To update json data files, simply re-run all of these cells and the json files will be overwritten with updated value from the PostgreSQL database. 

## AVAs

In [1]:
import os
import json
import geopandas as gpd
import pandas as pd
from sqlalchemy import create_engine, text
from dotenv import load_dotenv
from pathlib import Path

# Load environment variables
dotenv_path = '../.env'
load_dotenv(dotenv_path=dotenv_path)

DATABASE_URL = os.getenv('DATABASE_URL')
if not DATABASE_URL:
    raise ValueError("DATABASE_URL not found in .env file.
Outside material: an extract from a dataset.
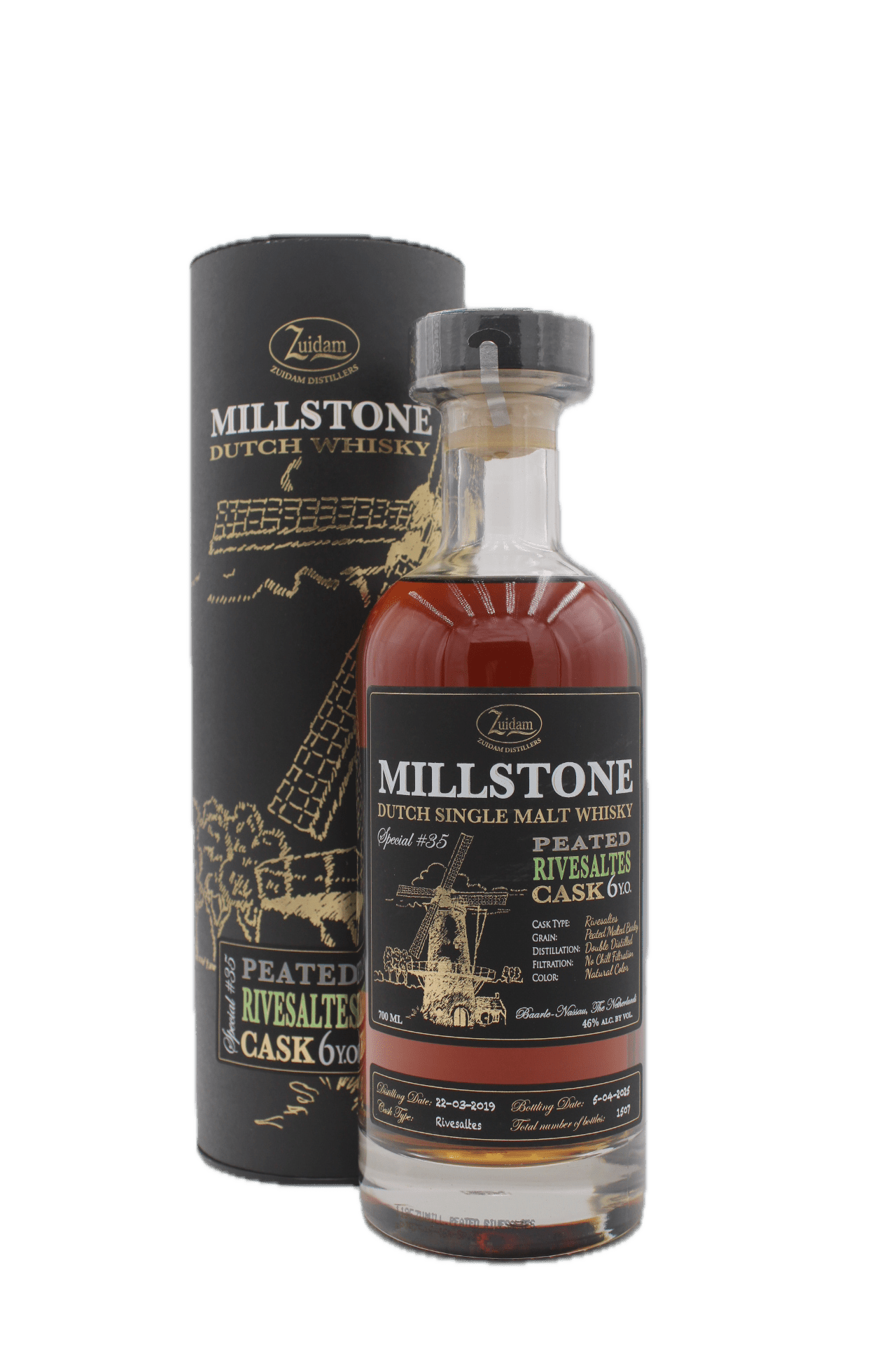 Millstone whisky wordt geproduceerd door Zuidam Distillers in Baarle-Nassau. De familie Zuidam maakt alles nog steeds volledig ambachtelijk, met aandacht voor detail en gebruik van de beste vaten. Door te experimenteren met speciale vatrijpingen, zoals dit Rivesaltes-vat, weten ze unieke smaken te creëren die wereldwijd steeds meer erkenning krijgen.

Make sure .env file exists in the 'backend' directory.")

# Create database connection
engine = create_engine(DATABASE_URL)

# Define output directory
output_dir = Path('../../frontend/public/data/')
output_dir.mkdir(parents=True, exist_ok=True)

print(f"Database connection configured")
print(f"Output directory: {output_dir.absolute()}")
print(f"Setup complete.")

Database connection configured
Output directory: /home/tabernater/projects/VitisVeritas/backend/notebooks/../../frontend/public/data
Setup complete.


In [3]:
# Query to fetch all AVAs with their geometry
avas_query = """
SELECT 
    id,
    name,
    description,
    ST_AsGeoJSON(geom) as geometry,
    created_at,
    updated_at
FROM avas
ORDER BY name;
"""

print("Fetching AVAs from database...")

# Execute query and create GeoDataFrame
with engine.connect() as connection:
    df_avas = pd.read_sql(avas_query, connection)

print(f"Retrieved {len(df_avas)} AVAs from database")

# Convert to GeoDataFrame
from shapely.geometry import shape

# Parse the geometry from GeoJSON strings using shapely
geometries = df_avas['geometry'].apply(
    lambda x: shape(json.loads(x)) if x else None
)

# Create GeoDataFrame
gdf_avas = gpd.GeoDataFrame(
    df_avas.drop('geometry', axis=1),
    geometry=geometries,
    crs='EPSG:4326'
)

# Display basic info
print(f"AVAs data preview:")
print(f"   - Total AVAs: {len(gdf_avas)}")
print(f"   - Columns: {list(gdf_avas.columns)}")
print(f"   - CRS: {gdf_avas.crs}")
print(f"   - Geometry types: {gdf_avas.geometry.geom_type.value_counts().to_dict()}")

# Display first few rows
print(f"\nFirst 3 AVAs:")
for idx, row in gdf_avas.head(3).iterrows():
    print(f"   - {row['name']}: {len(row['description'] or 'No description')} chars description")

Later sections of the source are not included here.